Technical and scientific objectives and innovative aspects

The general project objective is to develop and to implement an information and communication infrastructure to establish eBusiness standards for networking enterprises, based on agent technology (agents can be seen as software modules with intelligent and autonomous features).

MaBE will develop a multiagent business environment to enable dynamic and automated combination of multiple, complementary and alternative services between different users and providers along the whole value chain .

This enables internet-based and knowledge-driven discovery and selection of any business services, supporting service registration, resource allocation, negotiation, co-operation as well as automated collaboration processes and pre-selection of services within a net-economy.

MaBE also develops the connection of the common business environment to electronic marketplaces for business services. Such existing e-platforms extend the MaBE approach to an open business environment. The MaBE approach will serve as a decentralised environment for services that can dynamically be offered and ordered without reconfiguration.

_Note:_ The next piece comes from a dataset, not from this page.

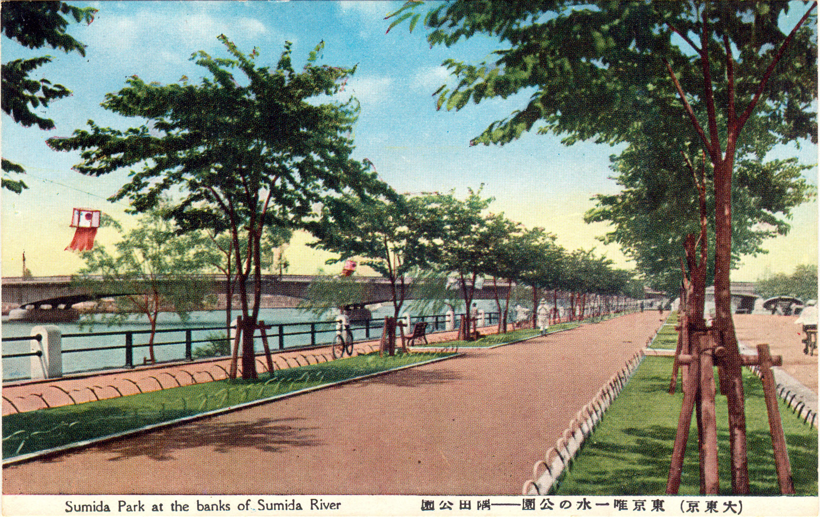 “Sumida Park made its debut as a mile-long promenade along both sides of the river, with an innovative Western design that restored the lyrical Sumida landscape. In order to create just the right modern vista, the venerable Yaomatsu restaurant was torn down.”

Overview of scientific and technical workplan, main project output, milestones

To minimise the risk of this challenging project the structure of the workplan follows an iterative development process from industrial user requirements through multiagent system design to the final prototype implementation. The main project output is an agent-based software prototype for the decentralised discovery, selection and registration of business services. More detailed outputs are "Multi-sided Use Case Scenarios", "Agent System Concept", "1st Prototype" and "2nd Prototype", which integrate the research objectives and technical objectives (see also section 2). Due to the high complexity there is a Milestone after each major phase to evaluate the project progress and to be able to react on critical project states.

Research Objective


Objective


Description


RO1
Knowledge-based
Virtual Enterprise


RO1 consists of various knowledge-based co-operation and interaction scenarios for the networking Virtual Enterprise. These scenarios are the basis for the implementation of new efficient ways of co-operation of companies within Virtual Enterprises. (see TO 3)


RO2
Agent scenarios


RO2 consists of agent interaction and co-operation scenarios based on existing business processes of the consortium members. These scenarios are the basis for the implementation of the MaBE Multiagent business environment. (see TO1 -TO3)


RO3
Agent architecture


RO3 consists of an agent architecture supported by FIPA compliant platforms. This architecture allows each agent running in the MaBE business environment to communicate and interact with any other agent that supports FIPA compliant platforms without any modifications.


RO4
Agent
communication
infrastructure


RO4 consists of an agent communication infrastructure for enterprise collaboration on various levels of detail. Agents of retailers, service providers or other partners have to use this communication infrastructure for communication and interaction. Part of this communication infrastructure is an agent ontology (the vocabulary used by an agent). This ontology at least consists of the intersection of the vocabulary of the different service agents (e.g. logistic agent, retailer agent) to enable communication and interaction of different service agents. Each individual service agent extends the common ontology as much as necessary to fulfil the defined tasks.


Technical objectives


Objective


Description


TO1
Decision support


TO1 consist of the implementation of a software agent that pre-selects the "best" service provider out of a fixed (static) pool of providers. TO1 consists also of an interface to existing Internet-platforms or marketplaces that allows the pre-selection of alternative services and the collection of information. This pre-selection increases the speed of the decision making process. We are thinking of implementing agents playing business games using different business strategies. This allows the agent to collect knowledge that could later on be used in real business scenarios. Such business games will lead to a continuous improvement of the pre-selection done by agents used within the MaBE business environment.


TO2
Negotiation


TO2 consist of the implementation of software agents that are able to negotiate with each agent within the fixed pool of service providers. This allows automated negotiation e.g. for dynamic pricing. Such agents will increase the speed of partner negotiations (e.g. between retailers and logistic service providers).


TO3
Virtual Enterprise
knowledge-triggered agents


TO3 consists of implementation of knowledge-triggered software agents within the Virtual Enterprise. TO3 enables networking SMEs t o automate (partially) the resource allocation process within the knowledge intensive production process of a Virtual Enterprise.